Work task:
Restate every line of the material below word for word, skipping the images.

Record excerpts:
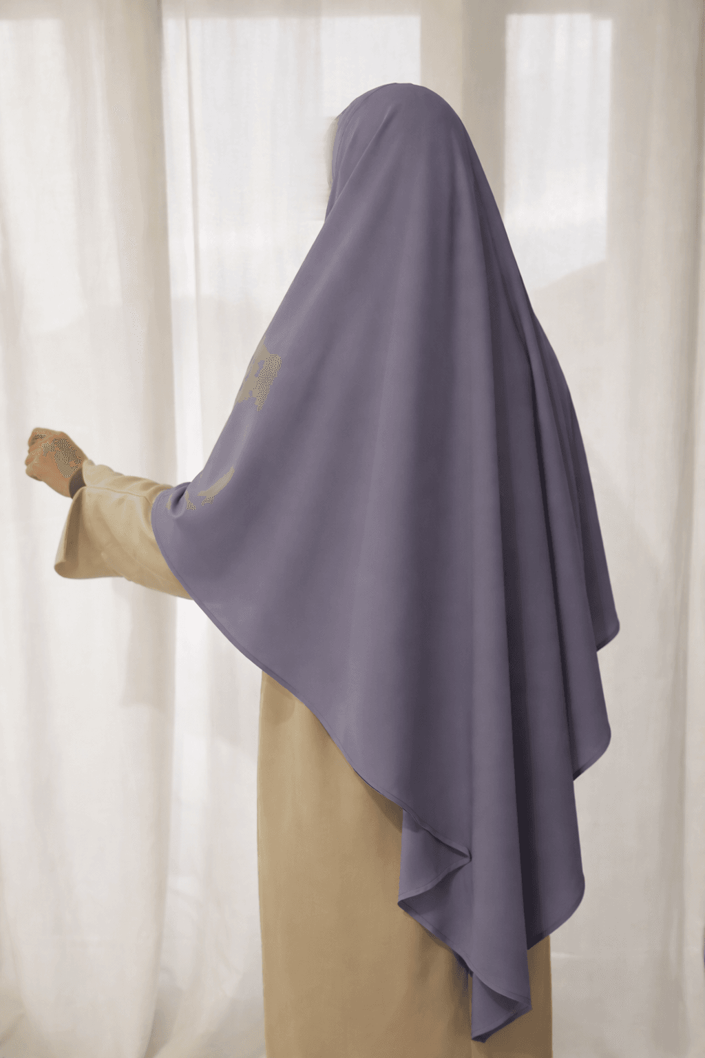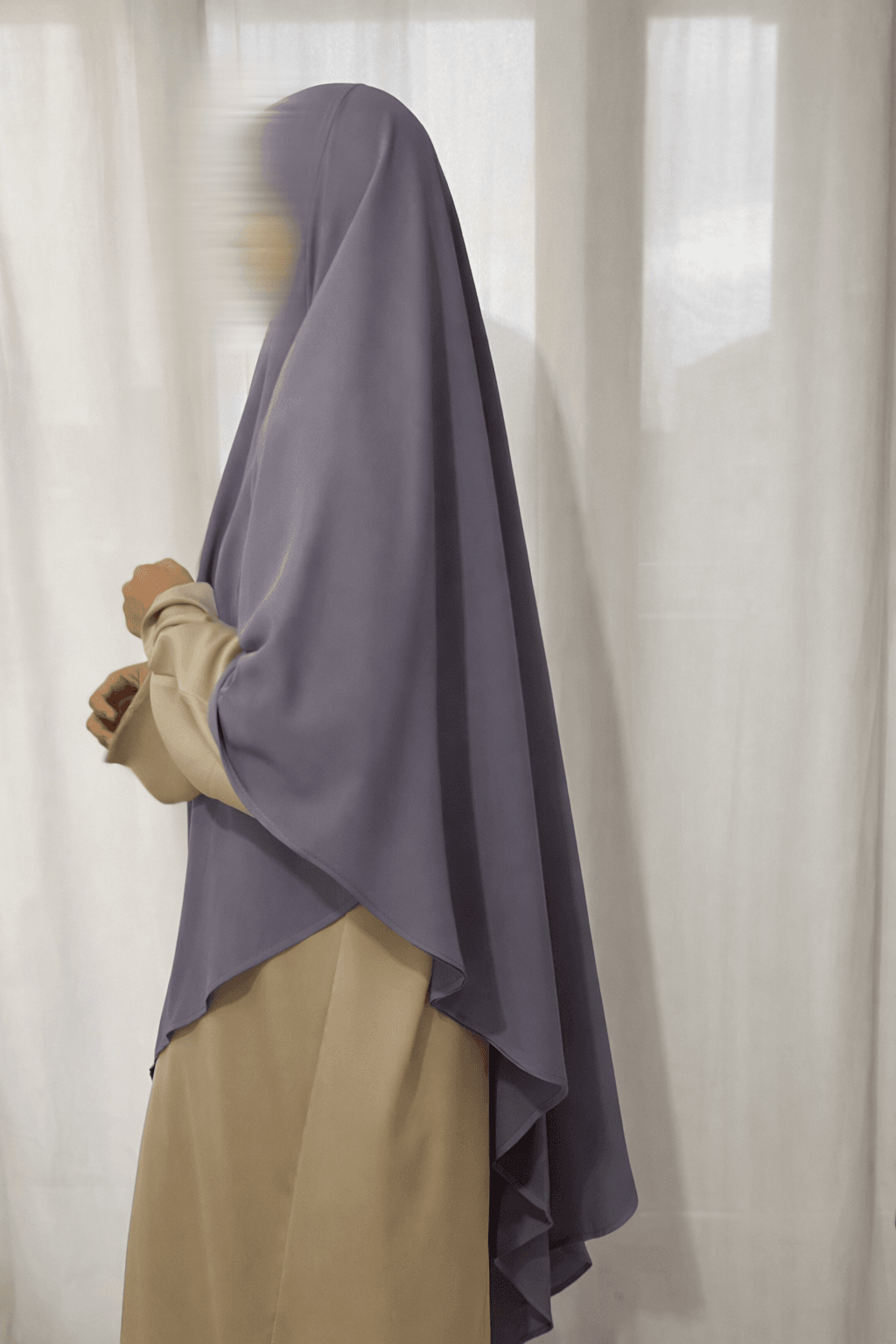 Khimar en soie de Médine, élégant et raffiné, doté d’un magnifique retombé grâce à sa matière fluide et haut de gamme.
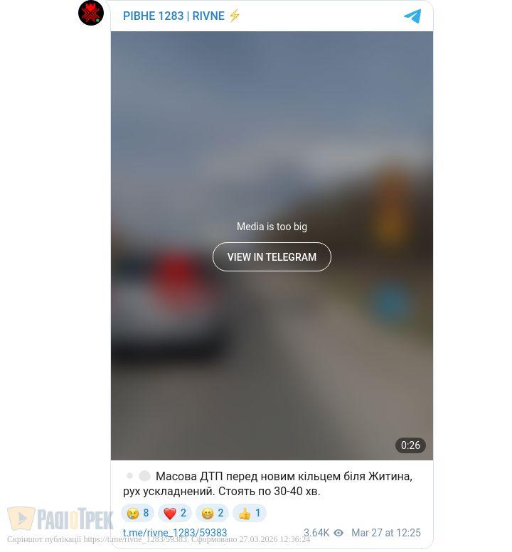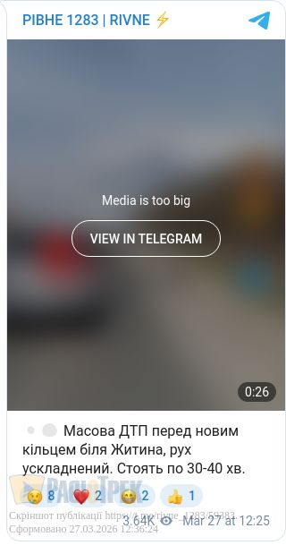 Масова ДТП у напрямку Костополя: рух ускладнено від Житинського кільця
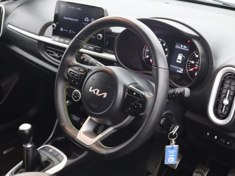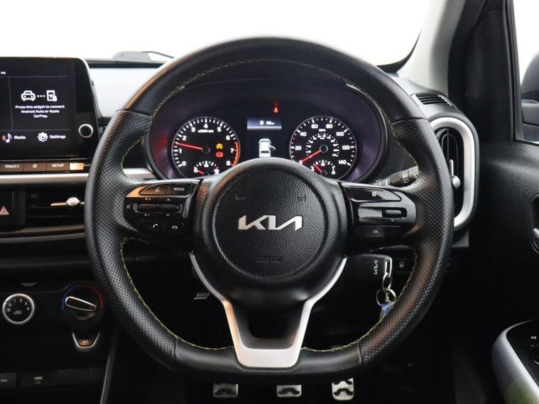 With 61, 370 miles, this Kia Picanto 1.0 DPi X-Line Hatchback is a compact and stylish city car that offers excellent efficiency, practicality and modern technology. Finished in grey, this Kia Picanto X-Line is powered by the reliable 1.0 DPi petrol engine producing 66 bhp, paired with a manual transmission for a smooth and economical driving experience. As a Euro 6 compliant petrol hatchback, it delivers low running costs, making it an ideal choice for city driving, commuting or first-time drivers. Inside, this Kia Picanto X-Line is well equipped with a range of features designed to enhance connectivity and convenience. Apple CarPlay and Android Auto with voice control provide seamless smartphone integration, allowing easy access to navigation, music and apps on the move. Bluetooth with music streaming ensures hands-free communication and entertainment, while the reversing camera system with dynamic guidelines and rear parking sensors make parking and manoeuvring simple and stress-free, even in tighter spaces. The Kia Picanto 1.0 DPi X-Line is widely recognised for its compact size, reliability and modern features, making it one of the most popular used small hatchbacks available. Combining stylish design, efficient petrol performance and everyday practicality, this used Kia Picanto hatchback represents a fantastic opportunity for anyone looking for a well-equipped, economical and easy-to-drive city car with modern technology.
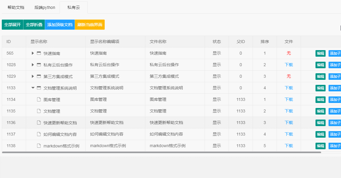 在文档列表管理页面中,找到需要替换的文档文件所在目录,点击编辑进入二级操作页面,重新上传markdown文档。
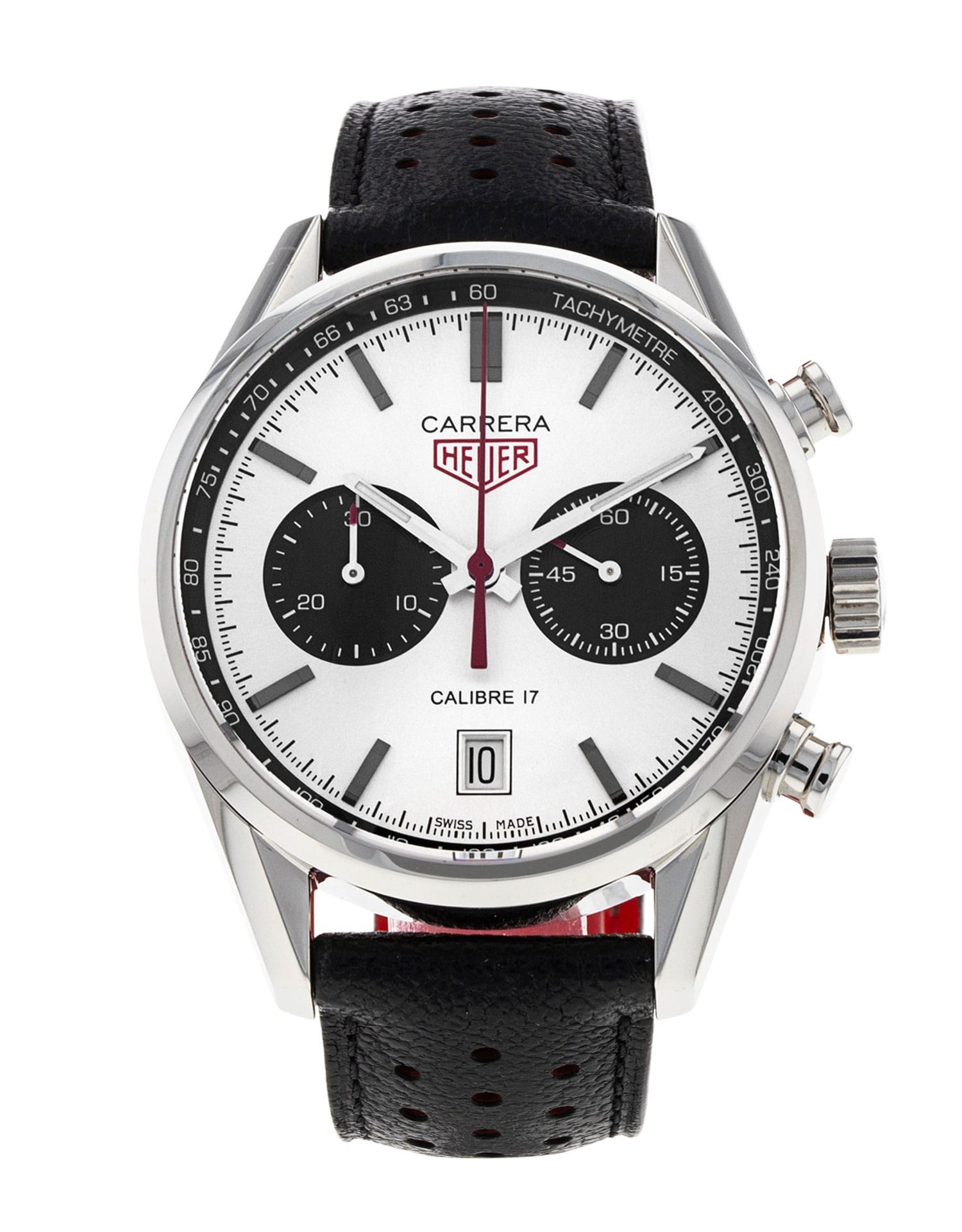 This Tag Heuer Carrera CV211E.FC6310 has a silver baton dial and a leather strap. This Tag Heuer has undergone a thorough inspection of accuracy, functionality and condition at our Tag Heuer certified service centre to determine the level of reconditioning required to meet our strict standards. It has also been checked against our records to ensure authenticity. All our watches have a 24-month warranty for your peace of mind.
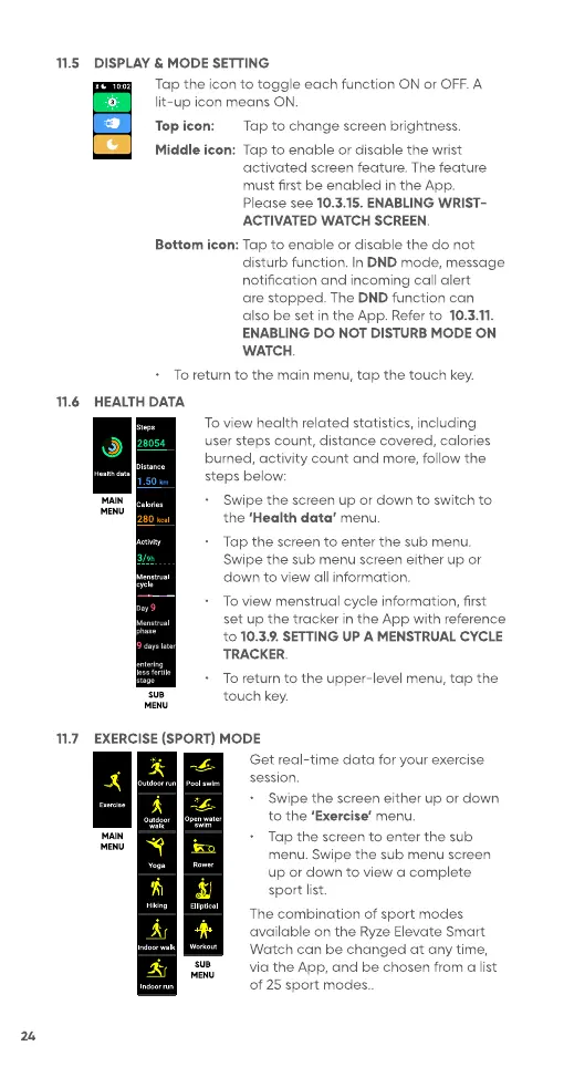 Ryze Elevate - Health Data; Exercise (Sport) Mode
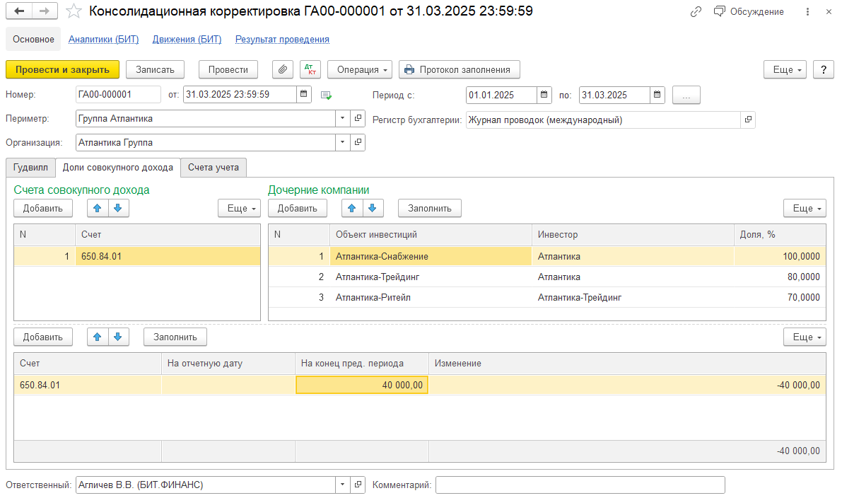 Документ «Консолидационные корректировки» предназначен для отражения консолидационных корректировок, необходимых для получения консолидированной отчетности:
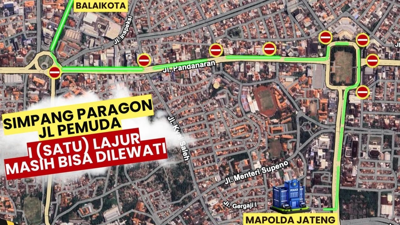 - Simpang Eka Karya Bergota dialihkan ke arah Pandanaran, seiring penutupan jalur dari TL Kyai Saleh ke Bergota dan akses dari Jalan Pekunden.
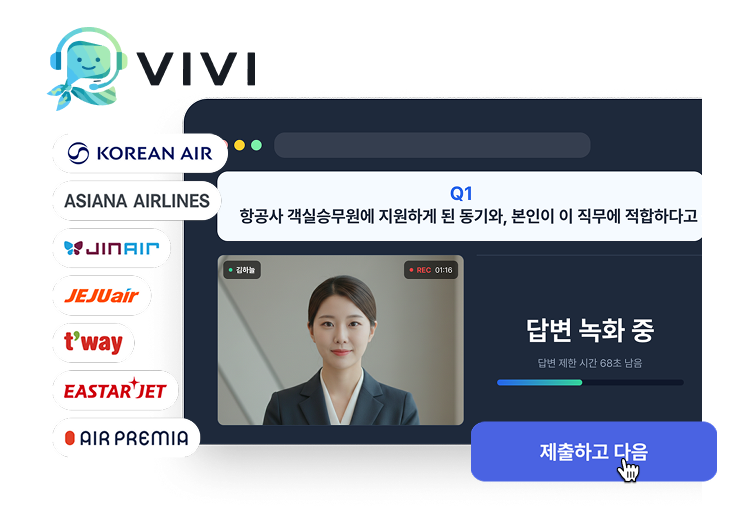목표 항공사 맞춤 실전 훈련,VIVI AI 정밀 모의면접

Output below:
 Khimar en soie de Médine, élégant et raffiné, doté d’un magnifique retombé grâce à sa matière fluide et haut de gamme.
 Масова ДТП у напрямку Костополя: рух ускладнено від Житинського кільця
 With 61, 370 miles, this Kia Picanto 1.0 DPi X-Line Hatchback is a compact and stylish city car that offers excellent efficiency, practicality and modern technology. Finished in grey, this Kia Picanto X-Line is powered by the reliable 1.0 DPi petrol engine producing 66 bhp, paired with a manual transmission for a smooth and economical driving experience. As a Euro 6 compliant petrol hatchback, it delivers low running costs, making it an ideal choice for city driving, commuting or first-time drivers. Inside, this Kia Picanto X-Line is well equipped with a range of features designed to enhance connectivity and convenience. Apple CarPlay and Android Auto with voice control provide seamless smartphone integration, allowing easy access to navigation, music and apps on the move. Bluetooth with music streaming ensures hands-free communication and entertainment, while the reversing camera system with dynamic guidelines and rear parking sensors make parking and manoeuvring simple and stress-free, even in tighter spaces. The Kia Picanto 1.0 DPi X-Line is widely recognised for its compact size, reliability and modern features, making it one of the most popular used small hatchbacks available. Combining stylish design, efficient petrol performance and everyday practicality, this used Kia Picanto hatchback represents a fantastic opportunity for anyone looking for a well-equipped, economical and easy-to-drive city car with modern technology.
 在文档列表管理页面中,找到需要替换的文档文件所在目录,点击编辑进入二级操作页面,重新上传markdown文档。
 This Tag Heuer Carrera CV211E.FC6310 has a silver baton dial and a leather strap. This Tag Heuer has undergone a thorough inspection of accuracy, functionality and condition at our Tag Heuer certified service centre to determine the level of reconditioning required to meet our strict standards. It has also been checked against our records to ensure authenticity. All our watches have a 24-month warranty for your peace of mind.
 Ryze Elevate - Health Data; Exercise (Sport) Mode
 Документ «Консолидационные корректировки» предназначен для отражения консолидационных корректировок, необходимых для получения консолидированной отчетности:
 - Simpang Eka Karya Bergota dialihkan ke arah Pandanaran, seiring penutupan jalur dari TL Kyai Saleh ke Bergota dan akses dari Jalan Pekunden.
목표 항공사 맞춤 실전 훈련,VIVI AI 정밀 모의면접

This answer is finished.